Since 2002, the school has supported the Sri Sathya Sai English Medium School in Vellanad, Kerala, through sixth-form fundraising to sponsor pupils’ education, alongside occasional work-experience visits by QE leavers.

==Academic performance==
In 2007, QE came first in the A-level league table for state schools, and twelfth in the GCSE league table. In 2008, QE again topped the league table in A-level results.

In 2024, the school reported that more than 95% of GCSE entries were graded 7–9. The school has also stated that, from 2005 to 2025, more than 95% of its A-level entries were awarded grades A* to B.

In The Sunday Times school tables for 2026, Queen Elizabeth's School was ranked joint fifth among state and independent secondary schools in the United Kingdom. 52.4% of the school's A-level entries were awarded A* grades, 85.5% were awarded A*–A, and 97.6% were awarded A*–B, placing it fourth nationally for A-level performance. The table also recorded 95.5% of GCSE entries at grades 9–7, placing the school joint 17th nationally.

== Notable alumni ==

- Richard Aylard, former advisor to the then-Prince Charles
- Beardyman, musical producer
- Tim Bell, advisor to Margaret Thatcher
- John Biggs, Mayor of Tower Hamlets
- Edward Blishen, writer
- William Broughton, first Bishop of Australia
- Wilfred De'Ath, writer and broadcaster
- Jay Foreman, YouTuber, comedian and songwriter
- George the Poet, spoken-word poet
- Lucian Grainge, record executive
- Demis Hassabis, artificial intelligence researcher and entrepreneur, co-founder of Google DeepMind
- Kelvin Hopkins, Labour Member of Parliament (MP) for Luton North since 1997
- Allastair McReady-Diarmid, army officer, Victoria Cross recipient in World War I
- Duncan Maskell, biochemist, academic and vice-chancellor of the University of Melbourne
- Robert Rinder, barrister and television personality
- Jay Shetty, podcaster and entrepreneur
- Mustafa Suleyman, artificial intelligence researcher and entrepreneur, co-founder of Inflection AI, CEO of Microsoft AI
- Peter Wells, athlete and high jumper

==Other information==
===Admissions procedure===
Admission to the school is strictly by academic selection, and boys may apply to join the school for Year 7. Roughly 3,600 applicants compete in a series of examinations to be awarded one of the 192 places offered annually, making places at the grammar school some of the most sought after and oversubscribed in the country.
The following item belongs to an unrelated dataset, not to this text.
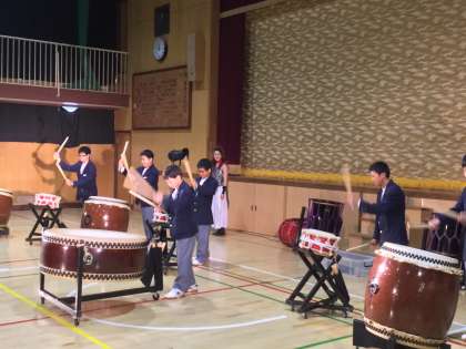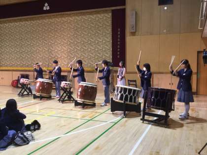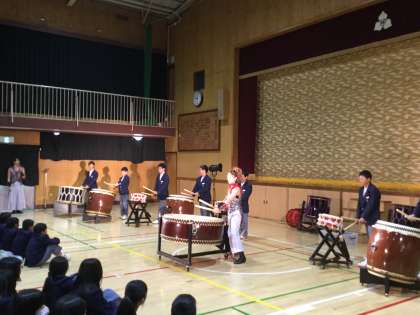 和太鼓体験コーナーでは、各クラスから代表1人が前に出てきて、合計11人が太鼓をたたきました。バチの持ち方や、右足を引いて太鼓の真ん中をたたくことを学びました。リズムの取り方を学び上手にたたけていました。大きな太鼓に挑戦した生徒もありました。

Parents of boys not admitted to the school have protested against the school's selective admissions policy. Sometimes this has been because the prospective boy's parents have moved to the area assuming a place will be guaranteed, when this is not the case. The school was also on a list of schools breaching admissions laws in England. The Barnet education authority asked for an investigation by Her Majesty's Inspectorate.

=== Contribution requests ===
In 2014 it was reported that the school, despite not being of independent school status, was making regular requests to parents for 'voluntary donations' in order to provide the facilities pupils needed, with parents contributing monthly, usually around £60. The school justified these requests by saying that state funding was not sufficient to provide a sound education and "the polish for boys to go on to the best universities".